DNA is the genetic code of life, the instructions for building
and operating an organism. RNA is primarily a messenger
molecule, carrying instructions from the DNA code to control
the synthesis of proteins — the building blocks of organisms.
While DNA contains the sugar deoxyribose
RNA contains the sugar ribose.

DNA sequencing can answer a range of biological questions,

providing information on pathogen identity, genetic disease
risk or how an organism has evolved. Sequencing DNA means
determining the order of the four chemical building blocks -
called "bases" - that make up the DNA molecule. Sequence
data can highlight changes in a gene that may cause disease.
While DNA contains the
sugar deoxyribose RNA
contains the sugar ribose.

The text outlines the roles of DNA and RNA in living organisms. DNA is described as
the "genetic code of life," containing instructions for building and operating an
organism. RNA is primarily a messenger molecule that carries instructions from the
DNA to control protein synthesis, which forms the building blocks of organisms. The
text also highlights the difference in the sugar components of DNA and RNA: DNA
contains deoxyribose, while RNA contains ribose.
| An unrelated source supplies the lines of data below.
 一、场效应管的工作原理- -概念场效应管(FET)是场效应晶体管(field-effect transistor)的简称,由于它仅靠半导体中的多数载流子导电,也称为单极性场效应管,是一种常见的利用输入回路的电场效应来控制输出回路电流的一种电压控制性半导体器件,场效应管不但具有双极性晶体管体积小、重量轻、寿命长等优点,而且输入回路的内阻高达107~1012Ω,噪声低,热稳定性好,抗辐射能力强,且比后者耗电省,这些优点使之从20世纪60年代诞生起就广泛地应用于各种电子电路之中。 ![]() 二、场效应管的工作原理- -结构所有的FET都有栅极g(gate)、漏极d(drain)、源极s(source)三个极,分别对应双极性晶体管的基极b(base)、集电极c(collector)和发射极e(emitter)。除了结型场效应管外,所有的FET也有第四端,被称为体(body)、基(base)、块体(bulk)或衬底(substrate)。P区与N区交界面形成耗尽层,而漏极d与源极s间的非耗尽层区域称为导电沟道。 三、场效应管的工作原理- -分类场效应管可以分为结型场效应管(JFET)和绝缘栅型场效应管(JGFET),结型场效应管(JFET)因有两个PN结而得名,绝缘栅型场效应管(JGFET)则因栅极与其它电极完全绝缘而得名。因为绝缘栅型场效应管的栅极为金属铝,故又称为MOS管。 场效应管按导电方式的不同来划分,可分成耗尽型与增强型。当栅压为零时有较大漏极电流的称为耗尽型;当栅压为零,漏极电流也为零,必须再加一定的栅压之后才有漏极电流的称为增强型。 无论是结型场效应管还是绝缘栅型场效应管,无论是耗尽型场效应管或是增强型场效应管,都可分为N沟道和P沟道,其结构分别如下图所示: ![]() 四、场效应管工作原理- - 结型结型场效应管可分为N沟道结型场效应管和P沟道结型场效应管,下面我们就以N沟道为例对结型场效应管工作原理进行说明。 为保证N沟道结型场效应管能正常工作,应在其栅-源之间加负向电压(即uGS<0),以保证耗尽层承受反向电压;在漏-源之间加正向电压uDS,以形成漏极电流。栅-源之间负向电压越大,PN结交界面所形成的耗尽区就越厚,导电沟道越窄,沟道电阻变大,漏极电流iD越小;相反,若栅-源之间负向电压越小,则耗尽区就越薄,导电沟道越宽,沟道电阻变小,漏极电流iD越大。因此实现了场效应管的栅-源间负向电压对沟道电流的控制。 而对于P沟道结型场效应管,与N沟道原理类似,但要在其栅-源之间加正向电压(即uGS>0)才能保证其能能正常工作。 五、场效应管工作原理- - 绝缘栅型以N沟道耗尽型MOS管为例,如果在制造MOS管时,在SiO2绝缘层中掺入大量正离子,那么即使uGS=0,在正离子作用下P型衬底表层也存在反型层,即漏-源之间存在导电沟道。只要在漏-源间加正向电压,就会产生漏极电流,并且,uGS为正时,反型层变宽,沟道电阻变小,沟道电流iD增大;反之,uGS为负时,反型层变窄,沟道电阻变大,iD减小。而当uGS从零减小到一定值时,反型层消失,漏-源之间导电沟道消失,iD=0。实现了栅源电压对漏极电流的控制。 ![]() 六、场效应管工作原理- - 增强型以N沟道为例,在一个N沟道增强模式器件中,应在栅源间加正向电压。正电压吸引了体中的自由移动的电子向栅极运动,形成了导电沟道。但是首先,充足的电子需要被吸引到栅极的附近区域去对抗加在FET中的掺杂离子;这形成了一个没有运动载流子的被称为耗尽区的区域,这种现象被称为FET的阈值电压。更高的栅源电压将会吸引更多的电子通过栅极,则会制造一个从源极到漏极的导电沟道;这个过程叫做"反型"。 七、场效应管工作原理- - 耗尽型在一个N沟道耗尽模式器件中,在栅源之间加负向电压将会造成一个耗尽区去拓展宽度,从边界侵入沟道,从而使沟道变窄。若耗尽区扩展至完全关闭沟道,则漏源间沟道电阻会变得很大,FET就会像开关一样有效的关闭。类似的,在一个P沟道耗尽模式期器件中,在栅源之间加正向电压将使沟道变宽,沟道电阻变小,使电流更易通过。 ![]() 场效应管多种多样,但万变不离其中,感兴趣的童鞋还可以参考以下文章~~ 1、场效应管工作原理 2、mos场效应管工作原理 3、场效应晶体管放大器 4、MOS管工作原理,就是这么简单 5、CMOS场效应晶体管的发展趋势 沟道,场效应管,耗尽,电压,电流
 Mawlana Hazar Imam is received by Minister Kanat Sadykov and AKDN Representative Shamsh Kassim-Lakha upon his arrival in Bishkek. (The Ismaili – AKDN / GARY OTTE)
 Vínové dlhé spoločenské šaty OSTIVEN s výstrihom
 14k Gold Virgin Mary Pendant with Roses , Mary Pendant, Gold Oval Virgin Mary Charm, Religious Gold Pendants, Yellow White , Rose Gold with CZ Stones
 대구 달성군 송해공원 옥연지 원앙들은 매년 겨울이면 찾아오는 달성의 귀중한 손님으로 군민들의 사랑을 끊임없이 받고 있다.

DNA sequencing is presented as a valuable tool for answering biological questions,

identifying pathogens, assessing genetic disease risk, and understanding evolutionary
processes. Sequencing DNA involves determining the order of the four chemical bases
(adenine, thymine, guanine, and cytosine) that make up the DNA molecule. The
sequence data can reveal changes in genes that may lead to disease.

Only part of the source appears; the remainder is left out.